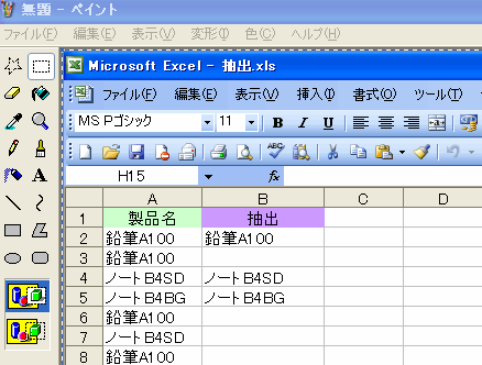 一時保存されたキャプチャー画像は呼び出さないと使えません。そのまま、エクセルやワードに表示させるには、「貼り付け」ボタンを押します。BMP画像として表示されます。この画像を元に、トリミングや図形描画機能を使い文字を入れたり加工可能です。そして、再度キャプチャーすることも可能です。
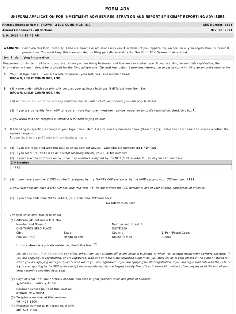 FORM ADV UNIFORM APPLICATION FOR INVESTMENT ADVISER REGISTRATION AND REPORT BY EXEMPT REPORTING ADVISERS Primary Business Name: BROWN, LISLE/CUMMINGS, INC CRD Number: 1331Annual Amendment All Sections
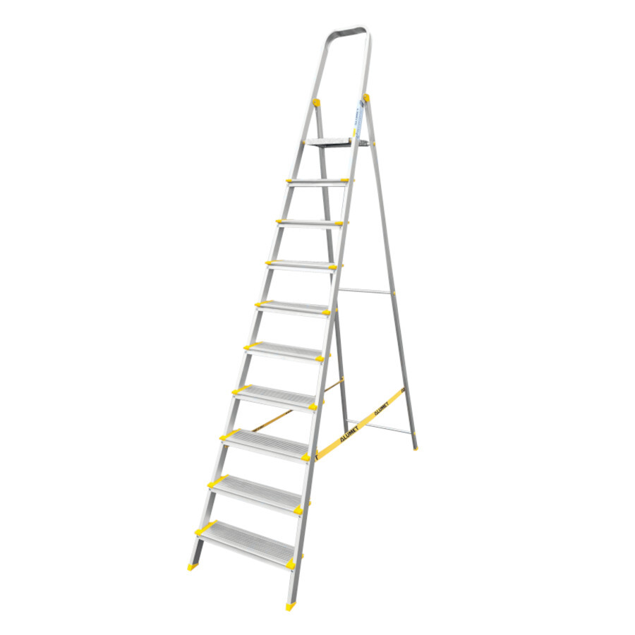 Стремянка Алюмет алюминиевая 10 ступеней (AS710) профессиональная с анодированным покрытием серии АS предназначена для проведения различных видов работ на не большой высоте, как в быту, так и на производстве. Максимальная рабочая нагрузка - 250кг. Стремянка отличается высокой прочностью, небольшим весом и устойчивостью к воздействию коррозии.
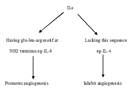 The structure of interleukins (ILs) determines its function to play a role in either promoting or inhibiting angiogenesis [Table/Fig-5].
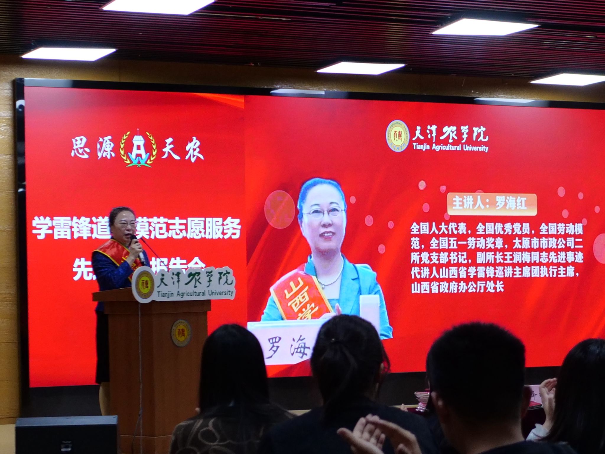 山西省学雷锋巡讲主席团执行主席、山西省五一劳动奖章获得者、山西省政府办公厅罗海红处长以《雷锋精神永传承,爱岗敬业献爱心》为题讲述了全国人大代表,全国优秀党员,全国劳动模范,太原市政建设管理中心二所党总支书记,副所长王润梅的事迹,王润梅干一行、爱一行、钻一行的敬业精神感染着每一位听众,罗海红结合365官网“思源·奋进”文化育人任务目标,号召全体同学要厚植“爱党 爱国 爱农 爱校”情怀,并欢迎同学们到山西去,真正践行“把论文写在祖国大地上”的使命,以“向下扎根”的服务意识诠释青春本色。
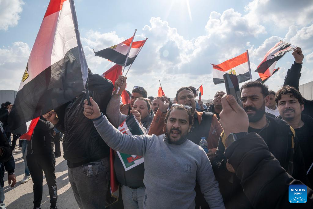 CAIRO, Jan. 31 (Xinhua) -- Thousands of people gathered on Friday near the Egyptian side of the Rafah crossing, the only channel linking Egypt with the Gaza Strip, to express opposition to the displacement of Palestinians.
************
**Task objective**
Please repeat, exactly as written, the lines in the records above, starting with the one that has "Стремянка Алюмет алюминиевая" and going on through the one that has "The structure of". Pictures are to be left out.

**Finished exercise**
 Стремянка Алюмет алюминиевая 10 ступеней (AS710) профессиональная с анодированным покрытием серии АS предназначена для проведения различных видов работ на не большой высоте, как в быту, так и на производстве. Максимальная рабочая нагрузка - 250кг. Стремянка отличается высокой прочностью, небольшим весом и устойчивостью к воздействию коррозии.
 The structure of interleukins (ILs) determines its function to play a role in either promoting or inhibiting angiogenesis [Table/Fig-5].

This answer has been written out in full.